300, of course, makes plenty of allowance for popular tastes, changing and expanding the story to meet the protocols of the comic book genre. The film was not shot on location outdoors, but in a studio using the so-called “digital backlot” technique of sometimes placing the actors against blue screens. The resulting realism is not that of the sun-soaked cliffs above the blue Aegean — Thermopylae remains spectacularly beautiful today — but of the eerie etchings of the comic book.

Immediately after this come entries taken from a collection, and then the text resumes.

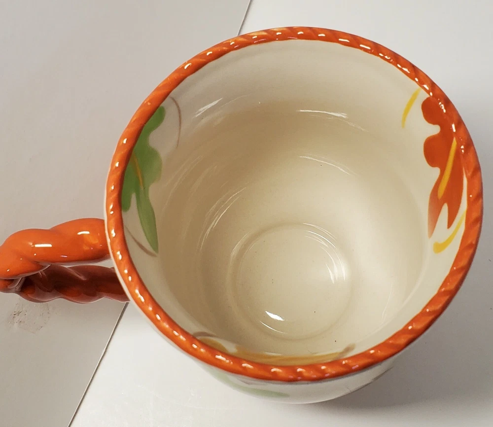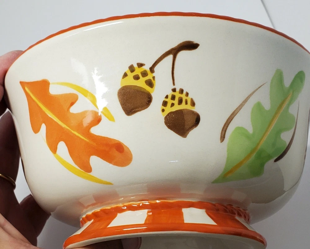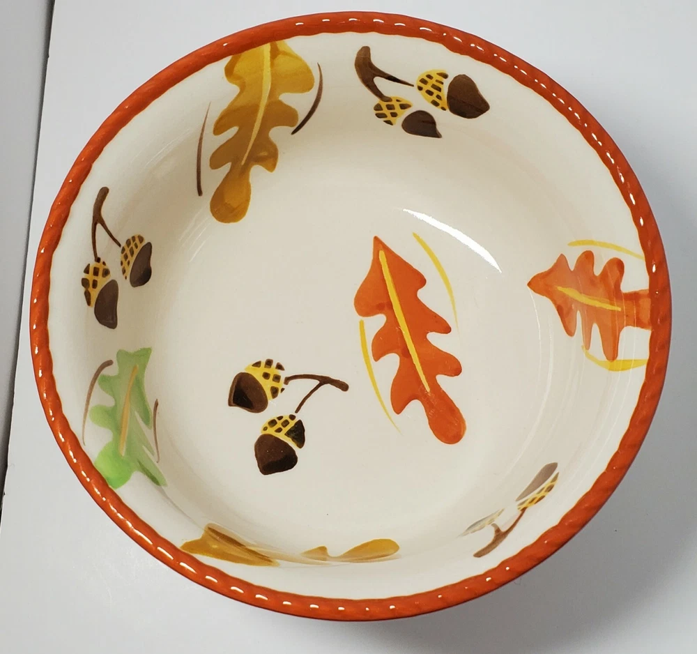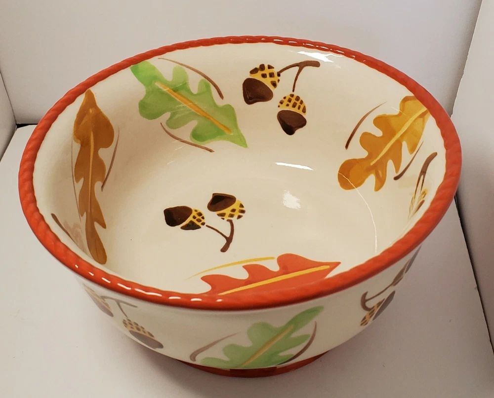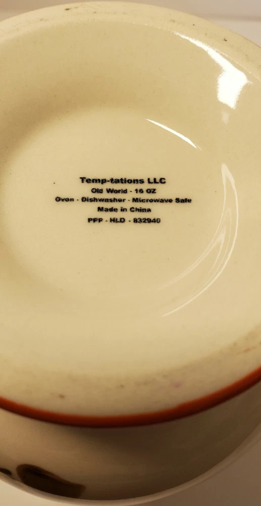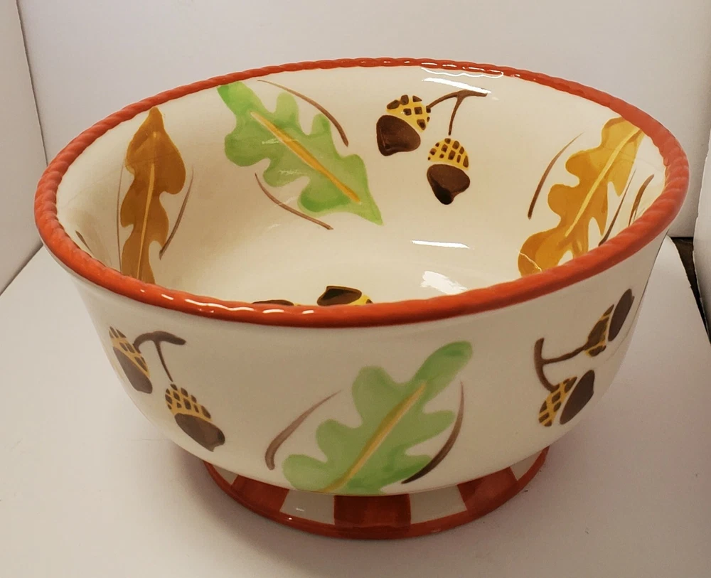 Temptations Old World Fall Leaf & Acorn 24 Oz Bowl (3" tall x 7" diam) & 16 Oz Footed Mug (5" tall x 6" wide at handle) Custom 2 piece set. This set would be nice in a basket with assorted tea or coffee and oatmeal; or hot chocolate and ice cream sprinkles. No chips/cracks noted. Please see photos. Also, please look at my other Temptations listings.
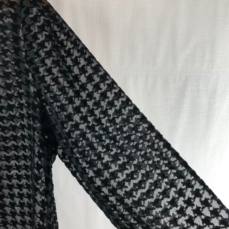 ドゥクラッセ DoCLASSE カットソー シースルー 千鳥柄 長袖 袖ボタン 替えボタン付き 黒 2025042200018
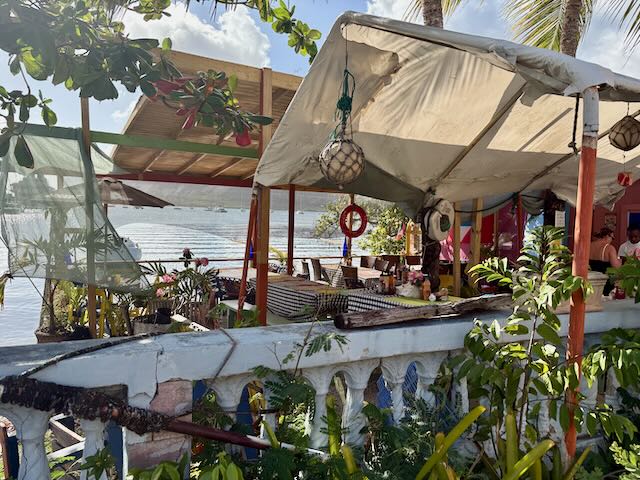 We walk back around the bay to the northwest, eventually turning around as we pass most of the interesting places. On the way back we stop at a quaint little seaside restaurant that seems quite popular. That’s a good sign. We get a very nice table on the ocean and get two excellent meals – jerk pork for me, bbq chicken for Christy. Chat with the waiter a bit and watch the huge carp come around in the shallows for the restaurant’s leftovers they toss in the ocean.
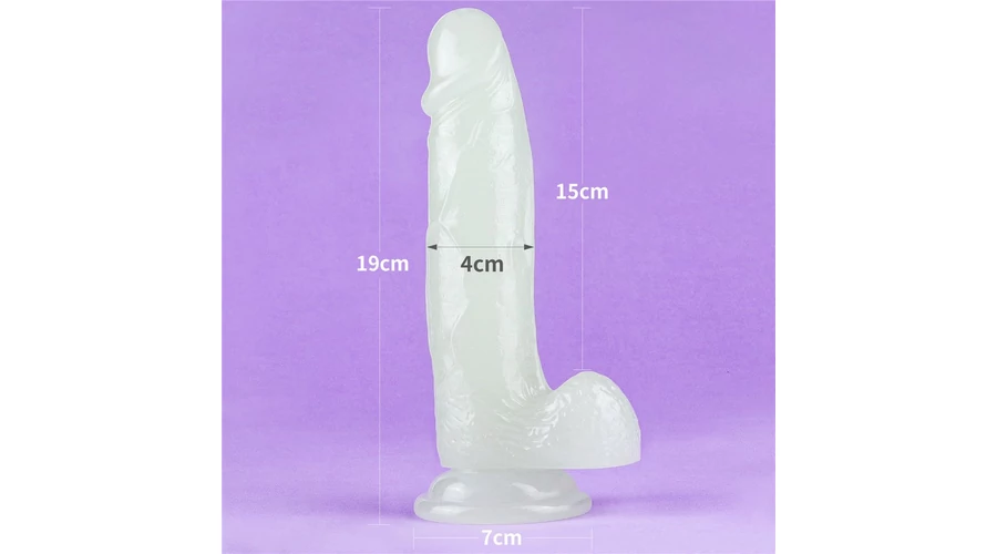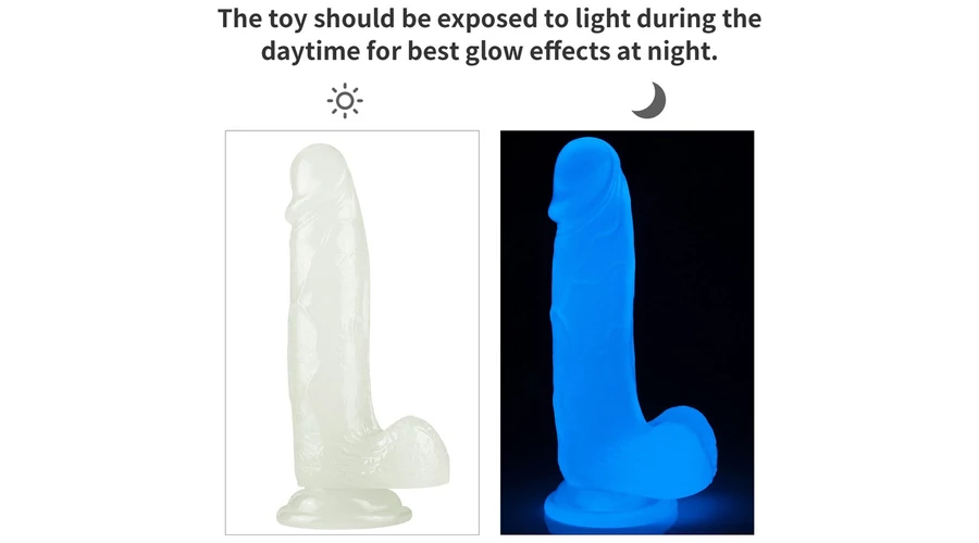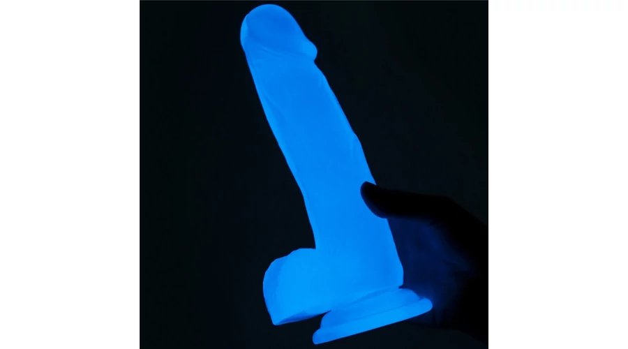 Pénisz formájú, kétrétegű, bőrszerű tapintású anyagból készült, flexibilis, sötétben kék színben világító, motor nélküli, erezett felületű, herékkel kiegészített dildó. Tapadókorongja segítségével sík felületre rögzíthető. Ajánlott napközben fénynek kitenni a legjobb hatás érdekében.
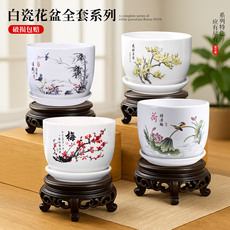 中式白陶瓷桌面花盆栽梅兰竹菊带托盘家用阳台绿萝吊兰绿植物多肉
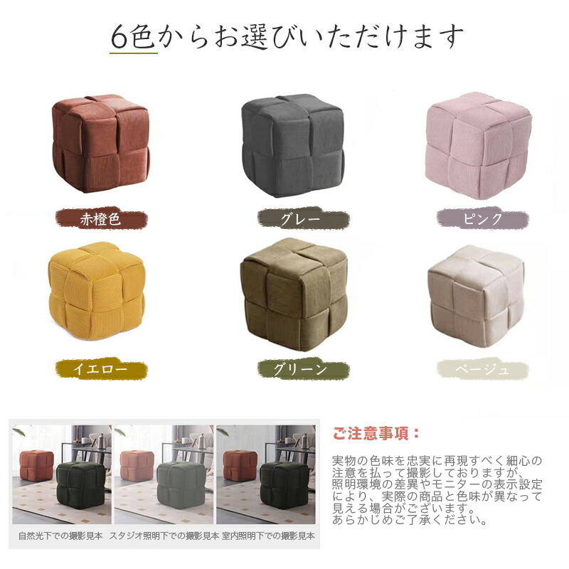 オットマン ルービックキューブスツール ベージュ グリーン イエロー ピンク グレー 赤橙色

The Spartans fight bare-chested without armor, in the “heroic nude” manner that ancient Greek vase-painters portrayed Greek hoplites, their muscles bulging as if they were contemporary comic book action heroes. Again, following the Miller comic, artistic license is made with the original story — the traitor Ephialtes is as deformed in body as he is in character; King Xerxes is not bearded and perched on a distant throne, but bald, huge, perhaps sexually ambiguous, and often right on the battlefield. The Persians bring with them exotic beasts like a rhinoceros and elephant, and the leader of the Immortals fights Leonidas in a duel (which the Greeks knew as monomachia). Shields are metal rather than wood with bronze veneers, and swords sometimes look futuristic rather than ancient.
Again, purists must remember that 300 seeks to bring a comic book, not Herodotus, to the screen. Yet, despite the need to adhere to the conventions of Frank Miller’s graphics and plot — every bit as formalized as the protocols of classical Athenian drama or Japanese Kabuki theater — the main story from our ancient Greek historians is still there: Leonidas, against domestic opposition, insists on sending an immediate advance party northward on a suicide mission to rouse the Greeks and allow them time to unite a defense. Once at Thermopylae, he adopts the defenses to the narrow pass between high cliffs and the sea far below. The Greeks fight both en masse in the phalanx and at times range beyond as solo warriors. They are finally betrayed by Ephialtes, forcing Leonidas to dismiss his allies — and leaving his own 300 to the fate of dying under a sea of arrows.
But most importantly, 300 preserves the spirit of the Thermopylae story. The Spartans, quoting lines known from Herodotus and themes from the lyric poets, profess unswerving loyalty to a free Greece. They will never kow-tow to the Persians, preferring to die on their feet than live on their knees.
If critics think that 300 reduces and simplifies the meaning of Thermopylae into freedom versus tyranny, they should reread carefully ancient accounts and then blame Herodotus, Plutarch, and Diodorus — who long ago boasted that Greek freedom was on trial against Persian autocracy, free men in superior fashion dying for their liberty, their enslaved enemies being whipped to enslave others.